Adkins sat down next to her; the four of them, now two by two, on opposite sides of the table. Zoe opened the discussion.

“So, we are all convinced that our client is innocent of murder?”

.The three other heads nodded. Zoe moved on.

.“However, we know his alibi is both false and a stinker. Because at the time of the murder he was with his friend Mark Chaplin. Something he refuses to testify to in court, believing, with some justification, it will lead to all sorts of questions about his sexual orientation and his relationship with the son of a senior policeman. The contribution from Jerry Wharton, although well intentioned, has served only to complicate matters. The police will take the deceased’s confession into account, but they might decide not to believe it; given that Mr Wharton was dying and never likely to be questioned about it.”

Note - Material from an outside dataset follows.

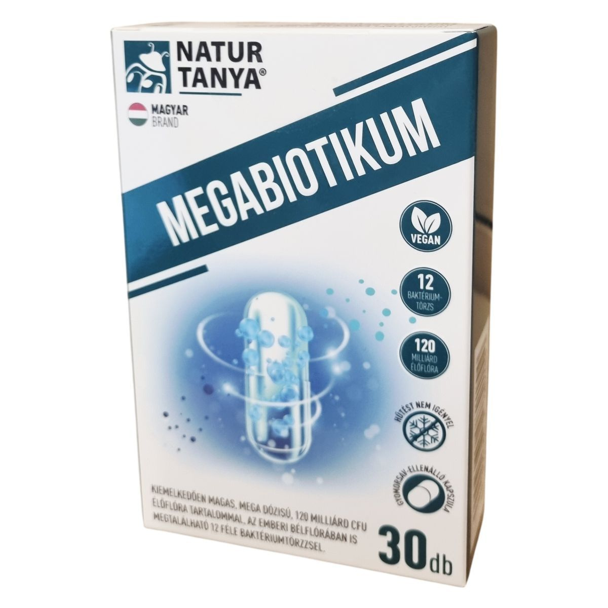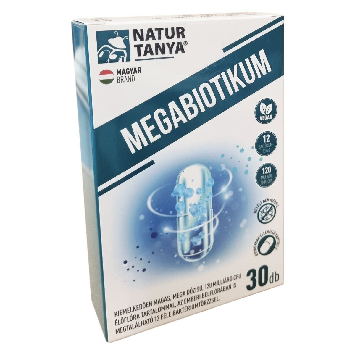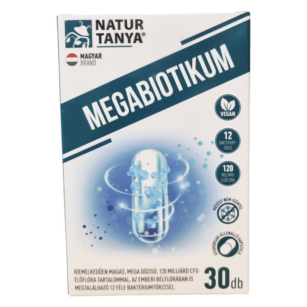 A Natur Tanya® Megabiotikum egy laborban bevizsgált étrend-kiegészítő, amely 12 különböző, az emberi bélflórában is megtalálható baktériumtörzset tartalmaz, összesen 120 milliárd CFU élőflóra mennyiségben. A termék különlegessége a gyomorsav-ellenálló kapszula, mely megóvja a hatóanyagokat a gyomorsav negatív hatásától, így biztosítva azok megfelelő célba jutását. Az élőflórát fermentált guárbab kivonatból készült PHGG rost egészíti ki, amely hozzájárulhat a bélrendszer egészségének támogatásához. A készítmény glutén- és laktózmentes, nem tartalmaz mesterséges tartósítószert, színezéket és aromát, valamint teljes mértékben vegán. A termék magyar tulajdonú cég gyártása, támogatva ezáltal a hazai munkahelyeket. A napi adagolás során ajánlott a kapszulát étkezés közben bő folyadékkal bevenni, viszont nyelési nehézség esetén a kapszula tartalma elvehető hideg ételbe vagy italba. Antibiotikumos kezelés alatt is beilleszthető az étrendbe, megfelelő időköz megtartásával az antibiotikum bevétele mellett.

She looked at Adkins. “Neil, if you were DCI Bridge, what is the first question you would ask concerning the death note?”

“Is this death linked to anything else we are currently investigating?”

“And the next question?”

“Is there any person, linked to this and anything else we are currently investigating?”

“And if so, that person is?...”

She looked around the table.

“Me,” Grover said.

“And that might be enough for Bridge to start making connections. He’s a very bright copper. All he needs is a moment of doubt, or intuition”

“And he won’t need either of those, if he begins to suspect that Wharton was protecting Harry,” Adkins said. “Which he will do, as soon as we disclose.”

Zoe looked around again, inviting responses. Mel tossed a guineas worth into the discussion.

“Once the evidence is out there and all relationships are known, there’s another question to ask. Why would Jerry Wharton kill Nick Hope and then be careless enough to implicate Harry?”

“He wouldn’t,” Grover said.

“We know that,” Mel said. “But the police don’t. As we’ve already discussed, they don’t know about the relationship.”

“Not yet,” Zoe said.”

There was a long silence. They had talked themselves around in a circle. The sound of a telephone ringing across the corridor, seeped into the room. Adkins weighed in with another idea.

“The prosecution has neither the address book, nor the bank statements. So we’re still ahead.” He turned to Zoe. “For how long? What’s our deadline?”

“Forty-eight hours. We have until the opening of business, Wednesday morning. At which time I need to prepare.”

Adkins looked at Grover.

“What do you think Ed?”

Grover picked up the address book. “Depends on how many suspects we unearth, from this,” he said. “But I’ve got a plan to short cut the process.”

He stopped talking. The others waited for him to go on. He said nothing more.

“But you’re not going to tell us what this plan is?” Zoe said.

“Only because it’s probably best you don’t know.”

Zoe tilted her head to one side and breathed out. Grover ploughed on.

“Hey come on. You’ve trusted my evidence gathering activities so far. Let me finish this on my own. That way, if for some reason something does go wrong, none of you will be implicated.”

He looked steadfastly round the table. There were no objections. Grover looked at Zoe. Then at Adkins.

“I’ve been going through all the contacts we don’t know,” Adkins said. “Made phone calls, pulled strings. Got the number down to fourteen. One of them, TD, might be Thomas Denning. The rest…”

He nodded in Grover’s direction. Grover got to his feet.

“I need all of those names and initials. But the book mustn’t leave the building. Neil, how many helping hands can you pull into this room now, to copy out the list? All names and addresses and phone numbers if they have them.”

Mel raised her arm. Adkins looked at her.

“The two of us. We’ll do it.” he said. “Along with a junior clerk if we need him. We’ll get it done and typed up in half an hour.”

Zoe went back to her office. Adkins found his junior clerk and put him on standby. Grover went out to reception and asked to use a phone. He made a call. Waited. It was answered at the other end.

“Hi,” he said. This is Ed Grover. Let me speak to the boss.” He waited again. Looked at the clock on the wall. He spoke again. “I need your help. I’ll be in your office by 10.30.”